::: THE DATA :::

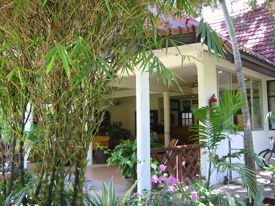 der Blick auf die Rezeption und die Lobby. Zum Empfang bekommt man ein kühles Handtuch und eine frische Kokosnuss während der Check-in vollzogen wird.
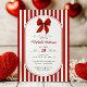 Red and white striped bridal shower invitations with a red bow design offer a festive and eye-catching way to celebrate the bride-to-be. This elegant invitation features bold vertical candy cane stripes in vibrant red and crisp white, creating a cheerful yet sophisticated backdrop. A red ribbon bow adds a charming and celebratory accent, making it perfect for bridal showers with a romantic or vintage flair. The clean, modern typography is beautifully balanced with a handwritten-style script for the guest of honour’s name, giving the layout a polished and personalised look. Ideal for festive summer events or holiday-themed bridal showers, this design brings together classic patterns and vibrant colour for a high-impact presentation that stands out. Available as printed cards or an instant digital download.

:::
::: THE DATA :::

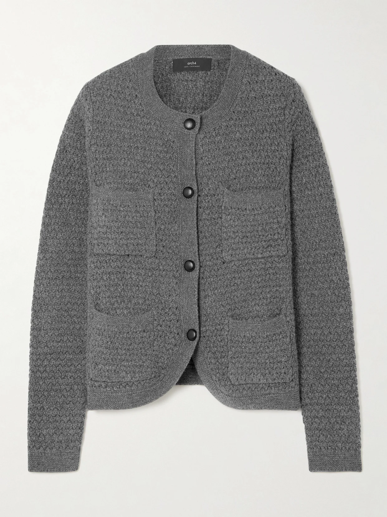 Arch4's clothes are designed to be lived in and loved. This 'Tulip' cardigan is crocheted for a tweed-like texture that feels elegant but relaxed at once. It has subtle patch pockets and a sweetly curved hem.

:::

**EXERCISE AIM**
Leave out every picture, and copy exactly the lines above starting at the one holding "der Blick auf" and ending at the one holding "Red and white", no more and no less.

**RESPONSE**
 der Blick auf die Rezeption und die Lobby. Zum Empfang bekommt man ein kühles Handtuch und eine frische Kokosnuss während der Check-in vollzogen wird.
 Red and white striped bridal shower invitations with a red bow design offer a festive and eye-catching way to celebrate the bride-to-be. This elegant invitation features bold vertical candy cane stripes in vibrant red and crisp white, creating a cheerful yet sophisticated backdrop. A red ribbon bow adds a charming and celebratory accent, making it perfect for bridal showers with a romantic or vintage flair. The clean, modern typography is beautifully balanced with a handwritten-style script for the guest of honour’s name, giving the layout a polished and personalised look. Ideal for festive summer events or holiday-themed bridal showers, this design brings together classic patterns and vibrant colour for a high-impact presentation that stands out. Available as printed cards or an instant digital download.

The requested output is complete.